The heavy rain, which during the night changed into snow, did not allow us to resume the march until the afternoon of August i5th. But before this I had walked down the valley for a couple of miles and inspected a curious low transverse spur through which the river had

cut its way in a rift.   The precipitous cliffs showed
mighty seams of coal between strata of sandstone. Then, the clouds still hanging low on the mountain slopes, we made our way up the Pei-ta Ho along gently rising and very soppy ground until nightfall.

Next day we set out for the watershed to the southeast, where I knew we should strike the head-waters of the Ta-t'ung River, the northernmost large tributary of the Huang Ho. For nine miles we had to struggle across the plateau-like head of the Pei-ta Ho Valley, which proved an almost continuous bog and was most trying to the animals. Everywhere the ground showed small pools of clear water between more or less peaty strips of grassy soil. Had it not been for the hard layer of detritus underlying at a depth of about two feet, this ground would scarcely have been traversable. The water-logged upland plain ended with an abrupt edge above a deep-cut valley which sends its water eastwards to the Yellow. River.

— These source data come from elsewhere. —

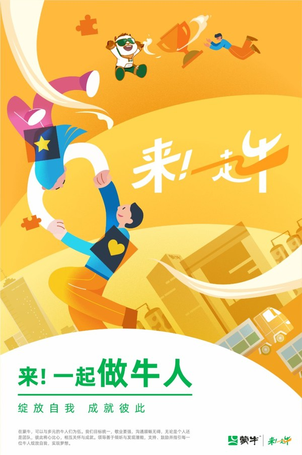 5月4日,蒙牛集团发布了全球雇主品牌,以及"来!一起牛"的雇主价值主张(EVP)。恰逢五四青年节,23岁的"青年"蒙牛发布的EVP,充满激情与活力,也彰显其对全球优秀人才的期待和渴望:希望更多牛人加入蒙牛,一起去追求更牛的目标。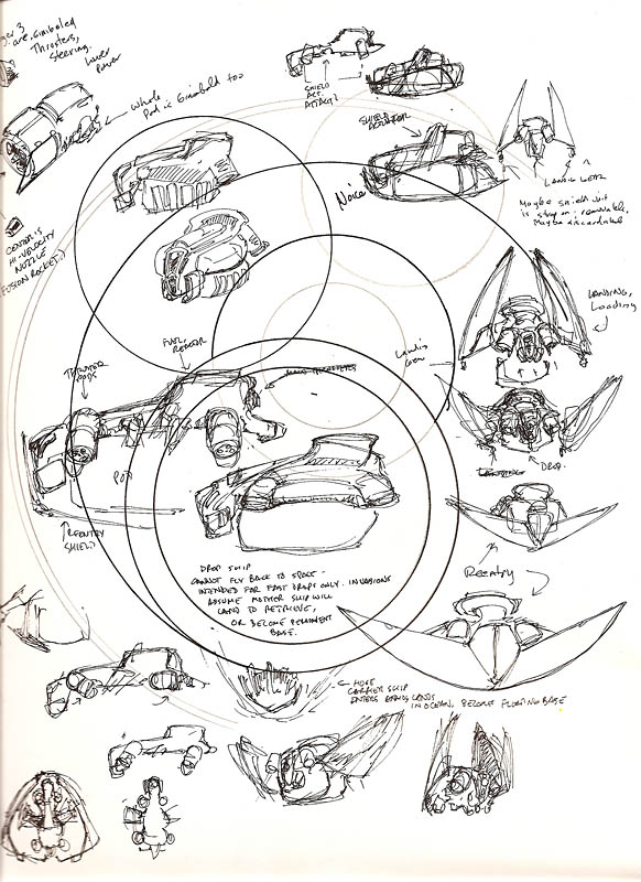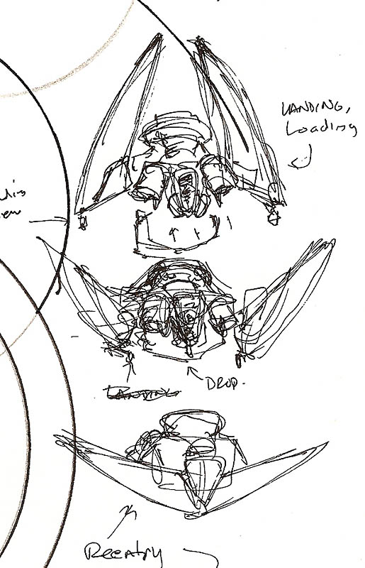 In the first sketch, you see none of that. It's just not an exciting drawing, and it completely fails to show the most important aspects of the ship's function which is plainly clear in the scribble showing the different wing configurations. And really, it doesn't show the overall shape of the ship very well, you can see that the body of the ship is just kind of a blob of shapes in an uninteresting, almost rectangular outline. It is, frankly, kind of boring apart from a few details here and there. I made the deadliest mistake - I didn't tell the story that I wanted to.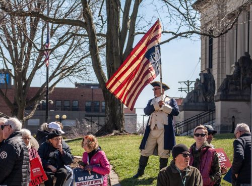 Large crowds protested Saturday against the war in Iran and President Donald Trump’s actions in “No...
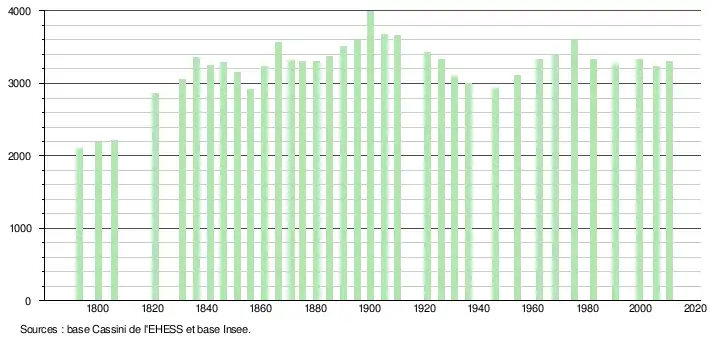 - Par convention dans Wikipédia, le principe a été retenu de n’afficher dans le tableau des recensements et le graphique, pour les populations légales postérieures à 1999, que les populations correspondant à une enquête exhaustive de recensement pour les communes de moins de 10 000 habitants, et que les populations des années 2006, 2011, 2016, etc. pour les communes de plus de 10 000 habitants, ainsi que la dernière population légale publiée par l’Insee pour l'ensemble des communes.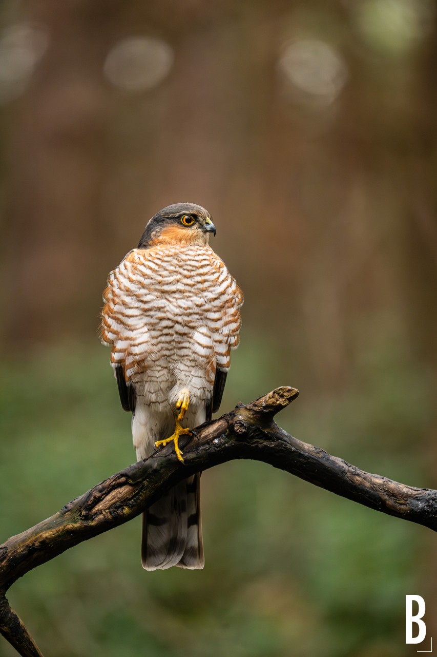 Detailopname van een mannetje sperwer (Accipiter nisus) bij de schuilhut.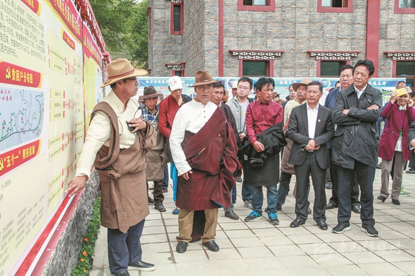圖為與會人員在康定市瓦澤鄉(xiāng)魚子西三村參觀考察。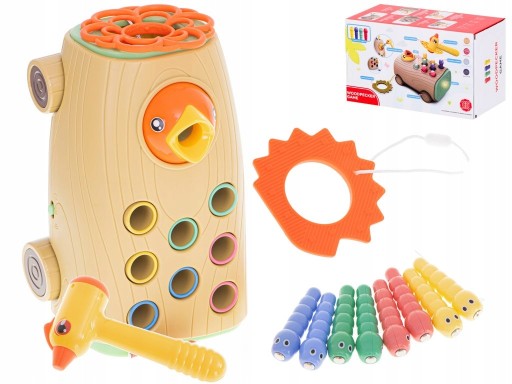 GRA MAGNETYCZNA NAKARM PTASZKA MONTESSORI LED GŁODNY DZIĘCIOŁ ZŁAP ROBACZKA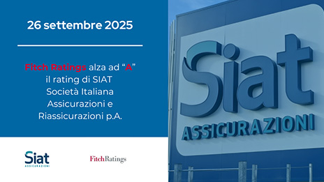 - We are proud to announce that Fitch Ratings has raised the credit rating of SIAT – Società Italiana Assicurazioni e Riassicurazioni S.p.A. – to "A" with a stable outlook.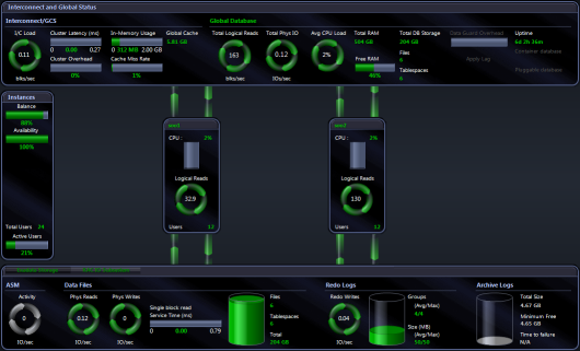 The display is based on the Oracle RAC architecture diagram. Oracle RAC Architecture Overview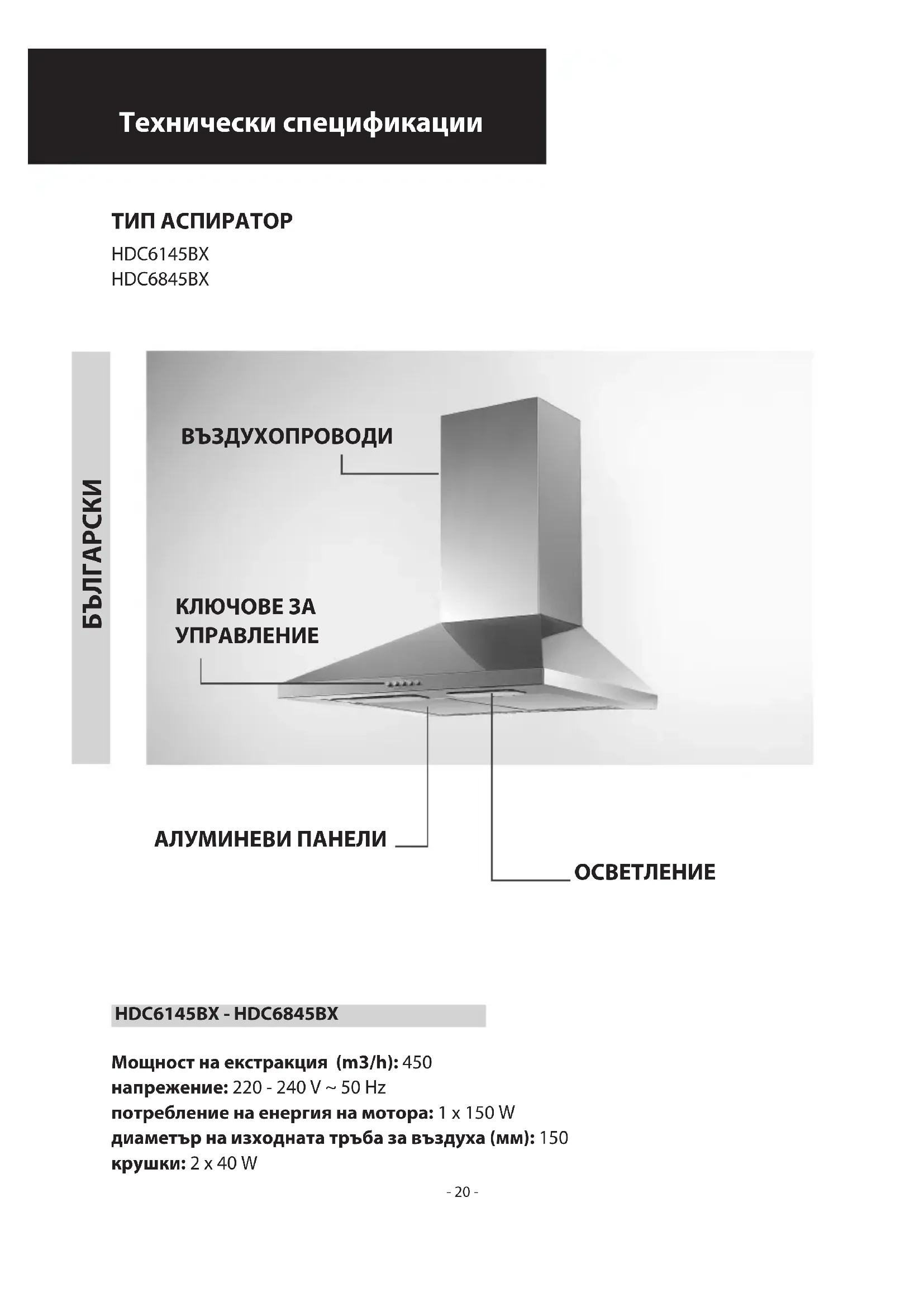 Мощност на екстракция (m3/h): 450 напрежение: 220 - 240 V ~ 50 Hz потребление на енергия на мотора: 1 x 150 W диаметър на изходната тръба за въздуха (мм): 150 крушки: 2 x 40 W

Here, at an elevation of about 13,600 feet, I had the satisfaction of knowing that I had touched at last the drainage area of the Pacific Ocean. There was something

inspiriting in the thought that quite close to this point, only hidden behind the rounded spur in which the Alexander III. Range dies away, lay the head-waters of the Su-lo Ho which once had made its way right down into the great Lop-nor depression. Thus on the easternmost slopes of the Shagolin-Namjil group, as the map shows, the drainage areas of the Pacific and the great Central-Asian basin practically touch.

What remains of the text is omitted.